PROBLEM DESCRIPTION: Here is the task for the listing below: output exactly the lines from the one containing "给儿童购买衣服一般是按身高来" through the one containing "2019年11月12日,瑞石", and leave out the pictures.

MATERIAL SHOWN:

===============

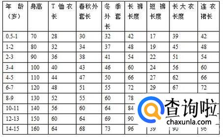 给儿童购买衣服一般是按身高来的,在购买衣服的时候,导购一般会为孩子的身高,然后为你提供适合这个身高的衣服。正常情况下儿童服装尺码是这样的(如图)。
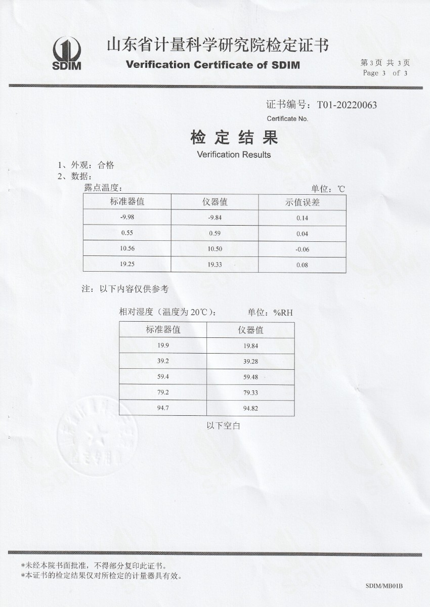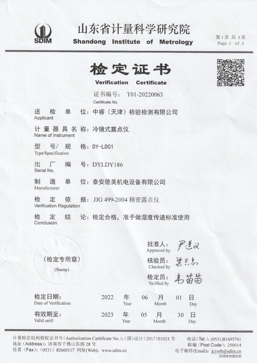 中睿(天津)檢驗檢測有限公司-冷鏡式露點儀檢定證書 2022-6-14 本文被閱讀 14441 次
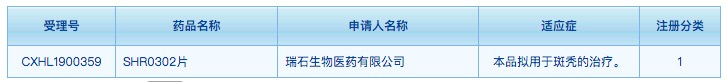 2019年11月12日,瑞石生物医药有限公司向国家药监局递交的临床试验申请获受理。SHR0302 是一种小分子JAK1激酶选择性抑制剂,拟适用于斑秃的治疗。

===============

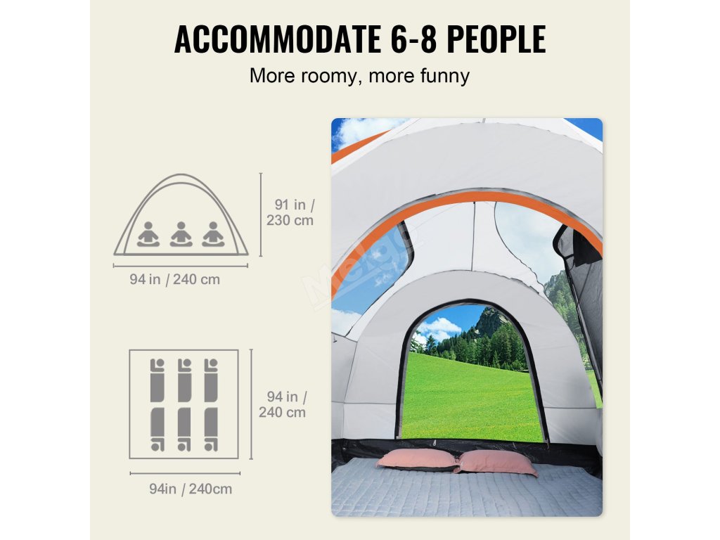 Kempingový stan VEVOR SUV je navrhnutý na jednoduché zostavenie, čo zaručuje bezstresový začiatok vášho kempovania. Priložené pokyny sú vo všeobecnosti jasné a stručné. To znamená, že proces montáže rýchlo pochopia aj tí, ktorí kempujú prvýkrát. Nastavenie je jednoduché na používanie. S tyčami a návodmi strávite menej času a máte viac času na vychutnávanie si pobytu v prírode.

===============

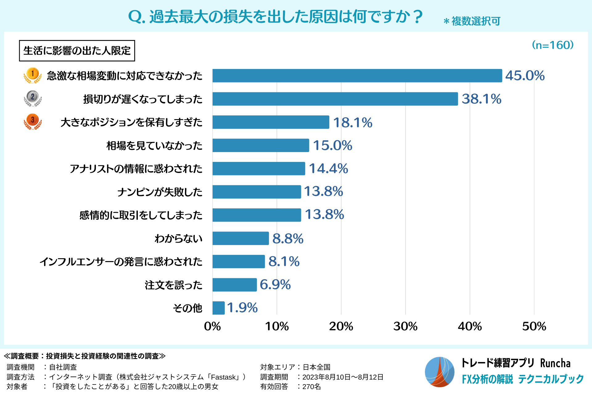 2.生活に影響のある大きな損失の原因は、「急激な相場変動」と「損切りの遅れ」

===============

TASK OUTPUT:
 给儿童购买衣服一般是按身高来的,在购买衣服的时候,导购一般会为孩子的身高,然后为你提供适合这个身高的衣服。正常情况下儿童服装尺码是这样的(如图)。
 中睿(天津)檢驗檢測有限公司-冷鏡式露點儀檢定證書 2022-6-14 本文被閱讀 14441 次
 2019年11月12日,瑞石生物医药有限公司向国家药监局递交的临床试验申请获受理。SHR0302 是一种小分子JAK1激酶选择性抑制剂,拟适用于斑秃的治疗。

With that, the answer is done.